How the rules should change to avoid Faithfuls killing Faithfuls at the end

One thing that is deeply unsatisfying with the way the game plays out is that Faithfuls are incentivize to kill mindlessly to end the game with 2, so they can have a bigger pot.

But the game's overall dynamics are actually "team vs team" (and it's also how the original social game of Werewolf/Mafia is organized: you win a team)

I know i m not the only one who thinks that after the last Traitor is removed from the game - even if the Faithfuls don't exactly know whether this happened -, it feels really unfair to all the Faithfuls who made it this far to not get to win.

So I feel a way to fix this is to change the way the prize pot works: Yes, you make the pot bigger as a whole group (because that's fun and it makes everyone work collaboratively).

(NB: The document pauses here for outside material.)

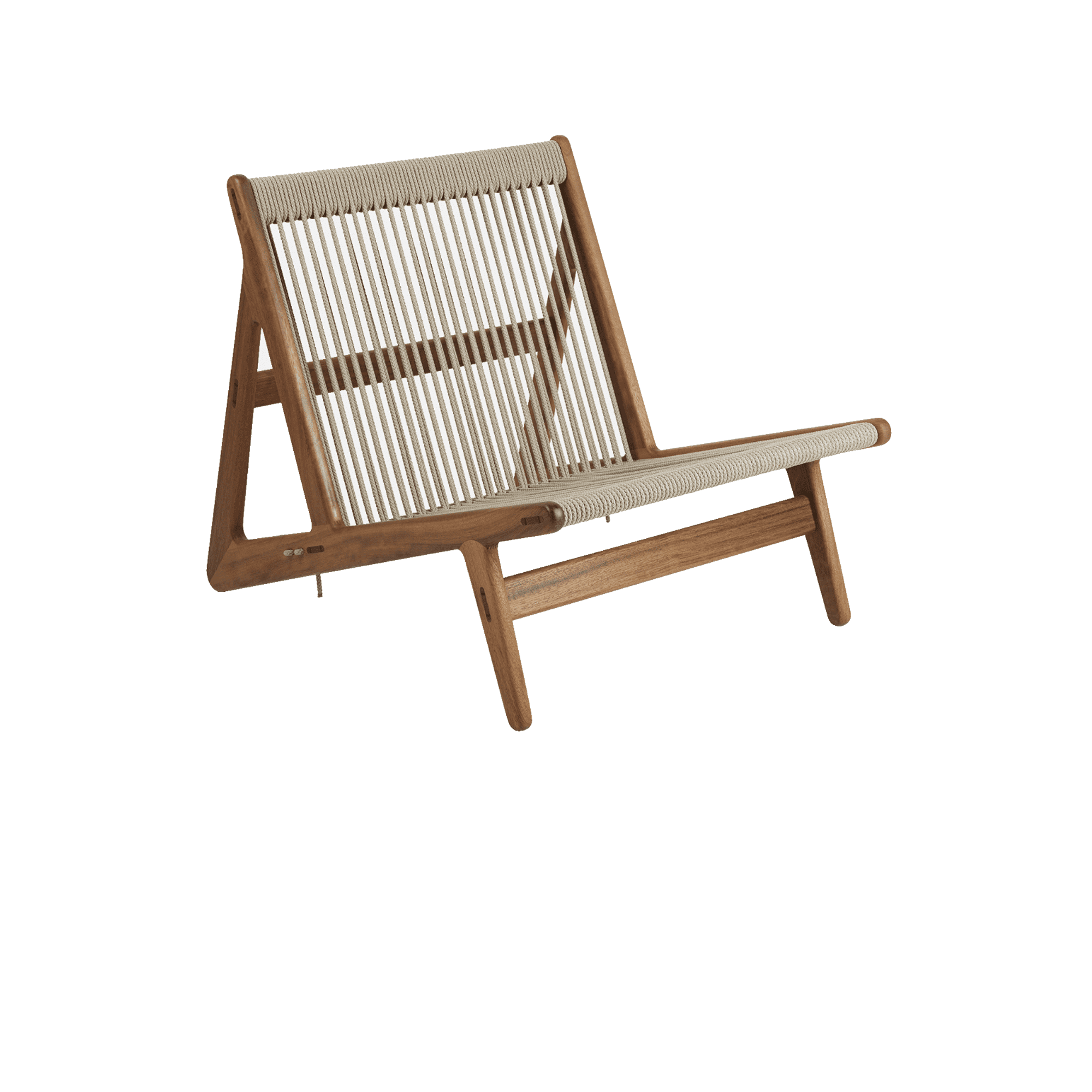 With its low-slung wooden frame and nautically evocative rope seat and backrest, Mathias Steen Rasmussen’s breakthrough MR01 Initial Lounge Chair has begged to be taken outside since its creation. Where the frame of the indoor edition is made from oak or walnut, the MR01 Initial Outdoor Lounge Chair is crafted from FSC-certified iroko. This wood has proved itself ideally suited to Rasmussen’s design, maintaining its strong silhouette through the transition outside, and helping to emphasize the MR01 Initial Chair’s sculptural quality.As with the indoor edition, the MR01 Initial Outdoor Lounge Chair’s frame is constructed without the use of screws. A gifted woodworker, Rasmussen developed the design using techniques from the artisanal discipline of cabinetmaking, with wedged mortise and tenon joints attaching the five cross bars to the open-triangle side pieces. This results in a geometric, materially honest, and structurally transparent form that demonstrates the craftsmanship of its making from every angle it is viewed from, and which creates an enchanting play of light and shadow as it sits in the sun.To endure life outdoors, the MR01’s Initial Outdoor Lounge Chair’s has custom-made high-performance polyester rope. This material is waterproof, making it perfect for the poolside; UV-resistant, so it will not fade over long days in the sunshine, which means it will not degrade. An anti-deformation core prevents the rope stretching over time.

But the pot is allotable in halves: Half of it is for Faithfuls who arrive at the final, Half of it is for Traitors who arrive at the finals (so the final 6 in our Season 3). THEN, in the final round, each TEAM has a chance to make a go for the other team's pot.
As a team of faithful, your goal is to claim the Traitor half by getting rid of whatever remaining Traitor; As a team of Traitor (and possibly there's only 1 left), your goal is to claim the Faithful's pot.

You don't have an incentive as a team of faithfuls to wrong the people who made you win anymore; you also don't have an incentive as a Traitor to wrong your fellow Traitor. And in fact, this is where its better: You may have some useful strategizing of how to fake sacrifice (if 2 Traitors remain, they may decide that it's better to make a big to-do of revealing one of the last Traitors so the Faithful believe they got them all); You may also have something that would have been a lot better with the play of the Seer for Frankie: It would have worked to kill both Frankie and Charlotte, because it's not unfair to the Seer in this position -- the Seer still made it to the last round, so they are in the winning team if the Faithfuls pull through.

What do you think? Does it preserve enough drama that the production company could live with this?